_BRIEF_
Retype only what runs from the first line of the records to the line with "ネイビージャンパースカート 35,970円/ユナイテッドアローズ(ユナイテッドアローズ 渋谷スクランブルスクエア店)", inclusive, and no pictures.

[Entries taken from a collection]
══════
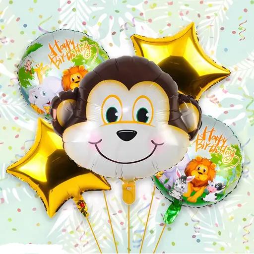 Moneky Face Character Foil Balloon Set - 5 Pieces For Moneky Face Theme Party Celebration
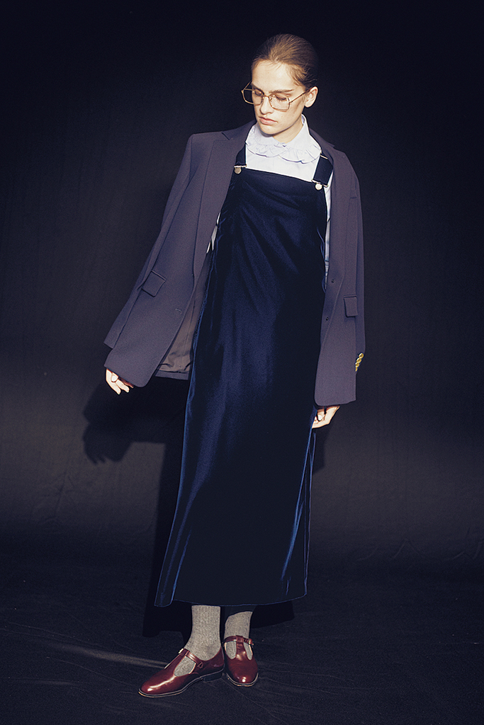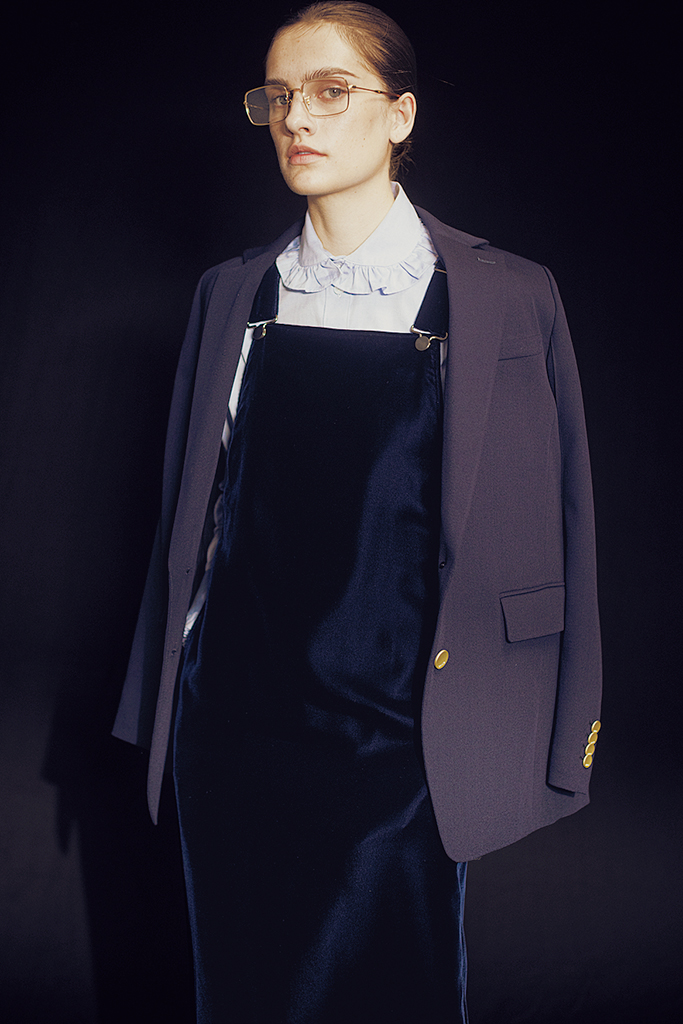ネイビージャンパースカート 35,970円/ユナイテッドアローズ(ユナイテッドアローズ 渋谷スクランブルスクエア店) ブルーフリルシャツ 40,700円/マディソンブルー ネイビージャケット 75,900円/ebure(LITTLE LEAGUE INC.) 眼鏡 25,740円/Ray-Ban(ルックスオティカジャパン カスタマーサービス) タイツ 6,050円/MES CHAUSSETTES(ジャック・オブ・オール・トレーズ プレスルーム) シューズ 18,920円/A de Vivre
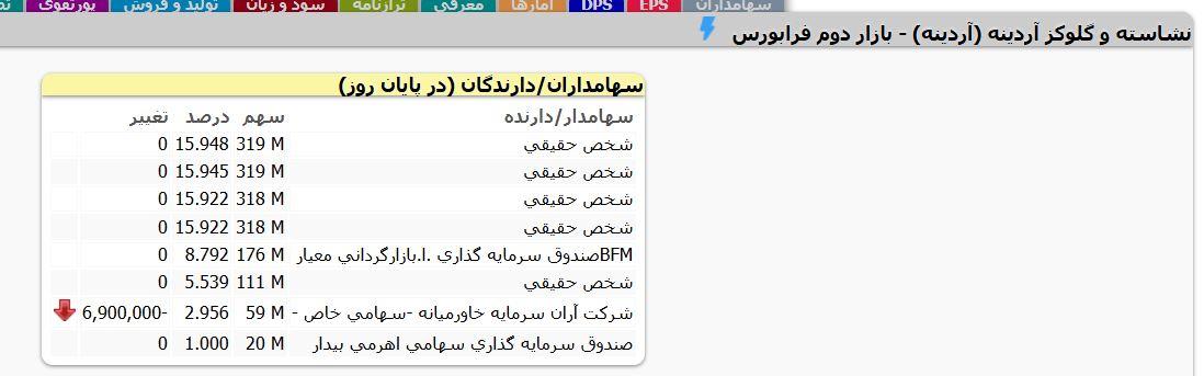 یک حقیقی و یک حقوقی فروشنده نشاسته و گلوكز آردينه در این معامله بلوکی بودند.و خریدار سهم حقوقی بود.قیمت هر سهم 17000 ریال بود.
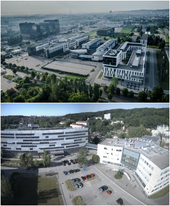 Вид с воздуха на главное здание Гданьского технологического университета (Польша). | Фото: app.spaceimpulse.com.
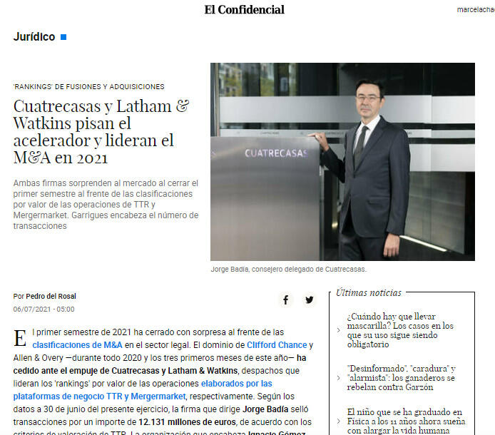 El primer semestre de 2021 ha cerrado con sorpresa al frente de las clasificaciones de M&A en el sector legal. El dominio de Clifford Chance y Allen & Overy —durante todo 2020 y los tres primeros meses de este año— ha cedido ante el empuje de Cuatrecasas y Latham & Watkins, despachos que lideran los 'rankings' por valor de las operaciones elaborados por las plataformas de negocio TTR y Mergermarket, respectivamente. Según los datos a 30 de junio del presente ejercicio, la firma que dirige Jorge Badía selló transacciones por un importe de 12.131 millones de euros, de acuerdo con los criterios de valoración de TTR. La organización que encabeza Ignacio Gómez-Sancha, por su parte, asesoró en acuerdos que suman en total 14.554 millones, según Mergermarket.
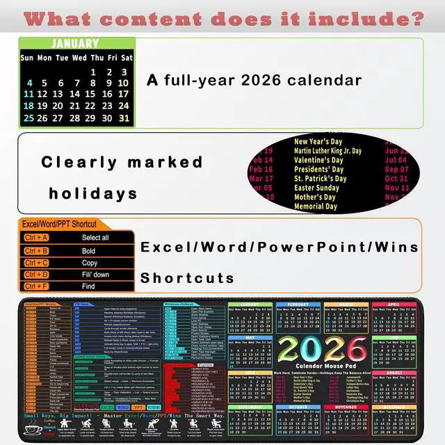 2-in-1 Mouse Pad, Keyboard Shortcuts + 2026 Calendar, 31.5"x11.8"
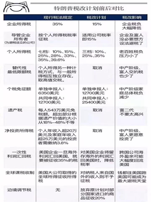 当地时间12月2日凌晨,美国参议院以共和党人多数票通过了具有历史意义的税改草案。根据特朗普的减税方案,未来10年将减免税收大约1.4万亿美元,将美国的公司税从35%大幅降低至20%,并降低了家庭和个人税率,个人所得税最高税率从39.6%减为35%,并将征税级差从7档减为3档,分别是35%、25%和 10%;个税起征点,夫妻合并申报的所得税起征点将从12700美元升至24000 美元(转化成人民币,意味着夫妻收入合计低于16.8万不用缴个税);此外,新税改方案还将废除遗产税、奥巴马医保税、替代性最低税等税种。
══════
_COMPLETED EXERCISE_
 Moneky Face Character Foil Balloon Set - 5 Pieces For Moneky Face Theme Party Celebration
ネイビージャンパースカート 35,970円/ユナイテッドアローズ(ユナイテッドアローズ 渋谷スクランブルスクエア店) ブルーフリルシャツ 40,700円/マディソンブルー ネイビージャケット 75,900円/ebure(LITTLE LEAGUE INC.) 眼鏡 25,740円/Ray-Ban(ルックスオティカジャパン カスタマーサービス) タイツ 6,050円/MES CHAUSSETTES(ジャック・オブ・オール・トレーズ プレスルーム) シューズ 18,920円/A de Vivre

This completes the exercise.